The economic activity from the operations of Canada’s public sector pension plans, as well as retirees spending their income from those plans, supports 877,100 jobs and 55,500 businesses, with $33.1 billion in annual wages and $21.4 billion in tax revenue, according to a new report.
The report, released by the Canadian Centre for Economic Analysis and commissioned by the Canadian Public Pension Leadership Council, found that every $10 of pension payments generates $16.70 of economic activity and makes a total contribution of $82 billion (3.6 per cent) to Canada’s economy annually.
The findings highlight how the $49 billion paid annually in pensions provides stability to regions across Canada and benefits provinces in different ways. Atlantic Canada has the highest percentage economic contribution, Ontario receives the biggest economic benefit per $10 of pension payment and Alberta has the highest proportion of jobs generated for people under age 35.
In total, 39 per cent of the 877,100 jobs supported go to people under age 35; 797,900 children live in households where income originates from public pension plan activity; rural communities benefit by 6.4 per cent more per capita than urban communities; and 72 per cent of the businesses supported employ fewer than 10 people.
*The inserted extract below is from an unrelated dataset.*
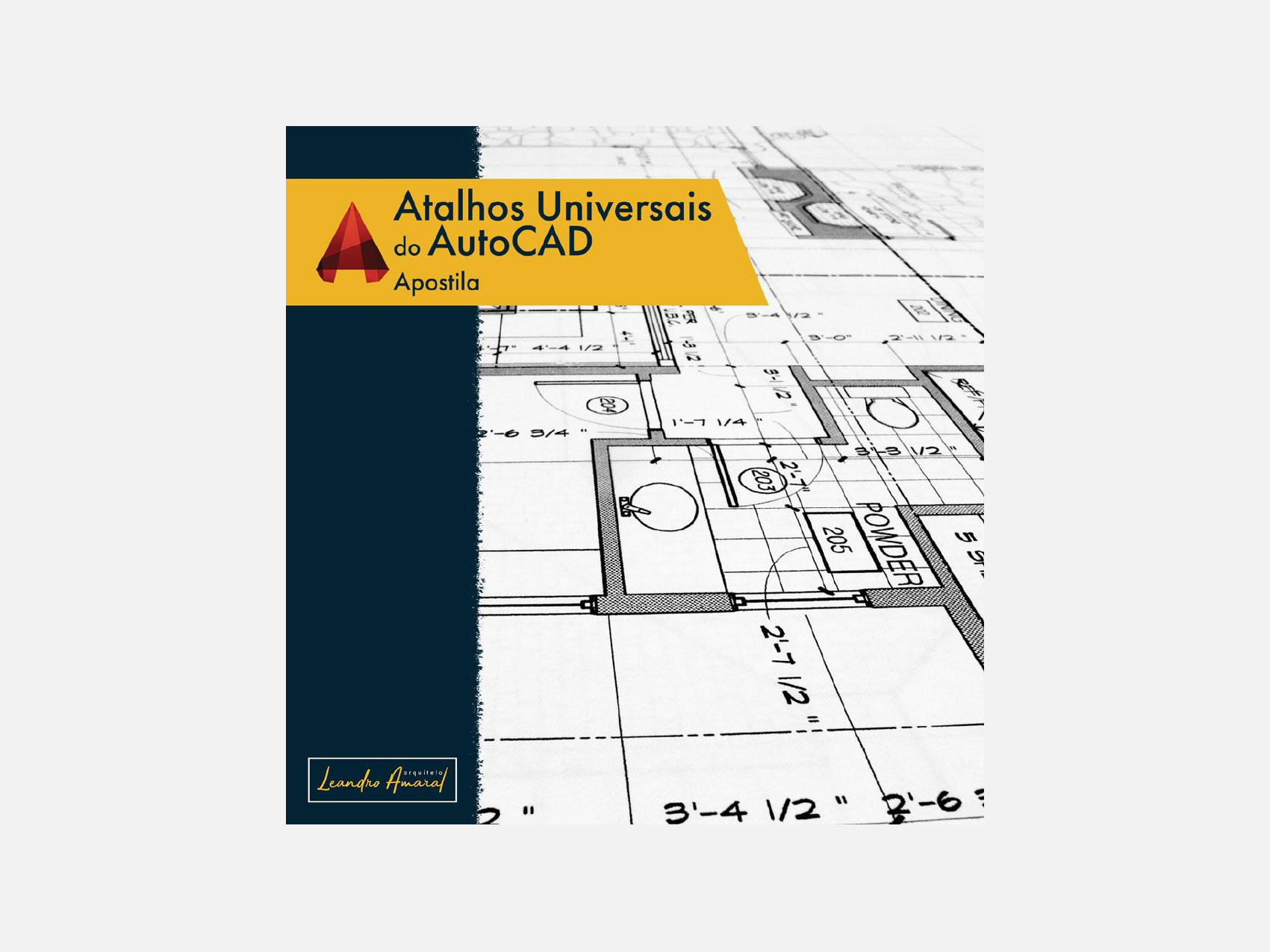 Apostila – Atalhos Universais do AutoCAD © 2021 – Versão 1.0 - Todos os direitos reservados. Acesse: www.arquitetoleandroamaral.com 1 ÍNDICE ÍNDICE ______________________________________________________________________________________________________________ 1 SOBRE MIM __________________________________________________________________________________________________________ 2 ATALHOS DO AUTOCAD ________________________________________________________________________________________________ 3 ATALHOS GERAIS ______________________________________________________________________________________________________________ 3 ATALHOS DE DESENHO __________________________________________________________________________________________________________ 6 ATALHOS DE MODIFICAÇÃO ______________________________________________________________________________________________________ 8 ATALHOS DE TEXTOS, COTAS E ESTILOS ____________________________________________________________________________________________ 10 ATALHOS DE MENSURAMENTO __________________________________________________________________________________________________ 11 ATALHOS DE PRANCHA E IMPRESSÃO _____________________________________________________________________________________________ 12 ATALHOS DE LIMPEZA DE DESENHO ______________________________________________________________________________________________ 13 É ISSO ______________________________________________________________________________________________________________ 14 Apostila – Atalhos Universais do AutoCAD © 2021 – Versão 1.0 - Todos os direitos reservados. Acesse: www.arquitetoleandroamaral.com 2 SOBRE MIM Sou Leandro Amaral, arquiteto e professor de cursos online, desde 2013 ensino meus alunos a despertarem seu potencial máximo na Arquitetura. Comecei na área dos projetos como desenhista em 2009, não tinha criatividade alguma, mal sabia usar os programas, já pensei em desistir, inclusive me disseram para desistir, pois segundo eles eu não “levava jeito”, mas eu tinha o sonho de viver e vencer nessa área da arquitetura. Me dediquei e o tempo passou. No primeiro ano de formado meu escritório pegou projetos em 6 estados brasileiros, bem no auge da crise econômica no Brasil (2016), comprovando que o sucesso de fato só depende de nós e que são os sonhos que nos movem. Assim como apresentar projetos de qualidade mudou a minha vida, acredito realmente que pode mudar outras e desse modo quero compartilhar isso com o maior número de pessoas possível. Por isso criei o Método – AutoCAD e Sketchup Dominado, um pacote de cursos online onde compilei toda a minha experiência nos mais de 57.217,16m² de projetos dos quais eu ajudei a desenhar, e este Método está ajudando milhares de alunos a aprenderem a desenhar seus próprios projetos sem precisar sair de casa. Apostila – Atalhos Universais do AutoCAD © 2021 – Versão 1.0 - Todos os direitos reservados. Acesse: www.arquitetoleandroamaral.com 3 ATALHOS DO AUTOCAD DICA -> É recomendado utilizar o AutoCAD na versão em inglês devido a facilidade de integração com a maioria dos escritórios brasileiros, porém se for utilizar em Português não tem nenhum problema, fique à vontade para escolher. DICA -> Se for usar o AutoCAD em português, use os atalhos em vermelho abaixo, digitando primeiro o _ (underline) antes de digitar o atalho (ex: _a para criar arcos, _el para desenhar elipses). DICA -> A maioria dos atalhos possuem sub-atalhos que também são ativados através de texto. DICA -> A tecla ENTER, ESPAÇO e BOTÃO DIREITO DO MOUSE ativam os atalhos abaixo. ATALHOS GERAIS Veja o Vídeo 06 do Módulo 01 do nosso treinamento e entenda na prática como utilizar cada atalho abaixo. LAYER, LA -> Entra na tela de edição das layers (camadas) do projeto. Permite alterar a cor das linhas na tela de desenho, estilo da linha, espessura, e muito mais. LAYOFF -> Desliga as layers selecionadas. Facilita ocultar rapidamente uma ou mais layers ao mesmo tempo. LAYON -> Liga as layers desligadas. F2 -> Exibe o histórico da linha de comandos. F3 -> Permite ligar e desligar o object snap. Apostila – Atalhos Universais do AutoCAD © 2021 – Versão 1.0 - Todos os direitos reservados. Acesse: www.arquitetoleandroamaral.com 4 O object snap funciona como imã na hora de manipular o desenho, esse imã pode ser o meio do objeto, pontas, etc. F7 -> Ativa e desativa a grade. F8 -> Ativa e desativa o ortho, ótimo para manipulação em linha reta. F12 -> Ativa e desativa a janela dinâmica do cursor. REINIT -> Carrega os novos atalhos criados. O AutoCAD permite colocar qualquer atalho em qualquer função, sinta-se livre para deixar como quiser. SH -> Acessa a Linha de Comandos do Autocad. OPTIONS, OP -> Personaliza as configurações do programa. Você pode alterar o formato de salvamento automático do AutoCAD, cores da tela de desenho e impressão, tamanho do cursor, template padrão, tempo de salvamento automático, impressora padrão, configurações do vídeo, e muito mais. OSNAP, OS -> Define os tipos de snap (imã). PAN, P -> Move a vista na viewport atual. Também pode ser usado clicando na bolinha do mouse e arrastando-o. UNITS, UN -> Controla os formatos de exibição de coordenadas e ângulos e a precisão. ZOOM, Z -> Aumenta ou diminui o zoom dos objetos na viewport atual. Também pode ser usado girando a bolinha do mouse para cima ou para baixo. Apostila – Atalhos Universais do AutoCAD © 2021 – Versão 1.0 - Todos os direitos reservados. Acesse: www.arquitetoleandroamaral.com 5 REGEN, RE -> Força uma regeneração da tela, mostrando as curvas de arcos e círculos como realmente devem aparentar. Normalmente os desenhos do AutoCAD ficam facetados devido a configuração de placa de vídeo, o atalho corrige isso. CTRL + P -> Abre a tela de impressão. CTRL + S -> Salva o projeto. CTRL + N -> Cria um projeto novo. CTRL + Z -> Desfaz as alterações feitas. CTRL + Y -> Refaz as alte

“Canada’s public sector pension plans were set up to provide a stable retirement income for public servants, but this research speaks to a much broader impact,” said Derek Dobson, co-chair of the CPPLC and chief executive officer and plan manager at the Colleges of Applied Arts and Technology pension plan, in a press release. “Four million Canadians of different ages in all regions benefit directly or indirectly from the economic activity generated from pension operations and retirement spending. This speaks to the value our public pension plans provide as a unique asset for the country in supporting jobs, households and communities.”